Я глянул на Лили, которая, как мне было хорошо известно, приплатила бы, лишь бы этот рассказ поскорее закончился. Она его уже слышала. Сколько раз – вопрос. Я наклонился вперед и сжал ее руку. Старался не подавать виду, как меня все это бодрит, хотя знал, что мне приезд Анджело пойдет во благо. Всякий раз, как моей жене приходится иметь дело со своим отцом, мои акции поднимаются. Ужасно думать, что он у нас все лето проторчит, зато к тому моменту, как мы от него избавимся, я в глазах Лили стану довольно хорош. Потерпеть несколько дней – и жена уткнется лицом мне в шею, давясь слезами разочарования, вины и безнадежной любви.
Я сочувствовал Лили и в то же время хотел бы созвать сюда студентов из моего творческого семинара. Анджело мог бы их поучить, как нагнетать саспенс. Он давно уже наставил на нежеланного гостя обрез и снял с предохранителя, но он терпеливый рассказчик. Он умеет замедлить повествование, и хотя мы с самого начала знаем, что рано или поздно он спустит курок, мы все же затаили дыхание и ждем, сделает ли он это. А реальное время двигалось с обычной скоростью, и мы уже на полпути к Аллегени-Уэллс, пенсильванский пейзаж легко скользил за окошком, оставаясь за пределами повествовательной оптики Анджело.
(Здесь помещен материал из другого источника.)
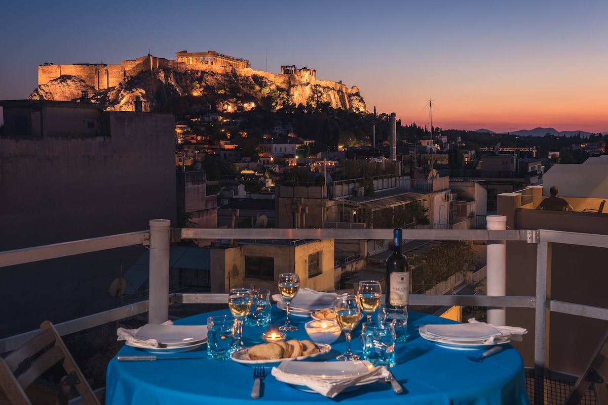 Two floors apartment with a stunnishing view of acropolis , 2 minutes walk from the metro station Thisio and at the beginning of the pedestrian which leads to Acropolis.. Balcony and roof garden. Air condition in all the bedrooms. The house has natural gas heating system too. Internet and TV. Fully equipped kitchen. Mattress toppers with memory foam.
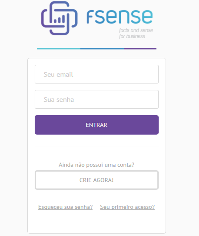 A página de login pode ser acessada por meio do link [ENTRAR], existente no site https://fsense.com.

– Так что я досчитал в итоге до трех, достаточно громко, чтобы услышал даже семифутовый безухий ниггер. Но вот тебе наш ЛеБратец – он с места не сдвинулся, черт побери. И я себе думаю: что с этим парнем неладно? Он что, смерти жаждет, нахрен? Ну, если так, он попал по адресу. И вместе с тем я думаю: яйца-то у него есть, это заслуживает уважения, даже если с головой у него непорядок. И чем внимательнее я присматриваюсь, тем яснее вижу, что он похож на Рашида, так что, думаю, он все-таки может оказаться его братом в конце концов. В смысле – может быть, понял? Я не знаю, есть ли у Рашида брат, но почему бы и нет, и если у него есть брат, это вполне может быть этот парень. Такой слишком рослый, невоспитанный, тупоголовый, глухой, здоровенный черномазый братец. Откуда мне знать? В ту минуту я почти что пожалел, что вытащил ружье, потому что на меня нашло такое странное чувство, будто это оно мной управляет, а не я им. Глупо, конечно, но такое было ощущение.
– Ясное дело, – пробурчал я, потому что голос Анджело замер и мой тесть нуждался в поощрении.
Но что-то я сказал не так, и Анджело обозлился. Он всегда заводился – слегка – при виде меня на протяжении двадцати пяти лет, так что я не был особо удивлен. Ему противны всякие образованные профессионалы любой разновидности, но моя разновидность в особенности возбуждает недоверие Анджело. На его шкале не заслуживающих доверия людей я барахтаюсь примерно там же, где и семифутовые ниггеры.
– «Ясное дело», – передразнил он. – Вот что я тебе скажу, приятель. Если бы ты жил там, где я, в девяти случаях из десяти ты был бы рад держать в руках ружье. О том, что у тебя нет ружья, можно пожалеть лишь однажды – и после этого ты навеки свободен от сожалений. Это последнее сожаление в твоей жизни.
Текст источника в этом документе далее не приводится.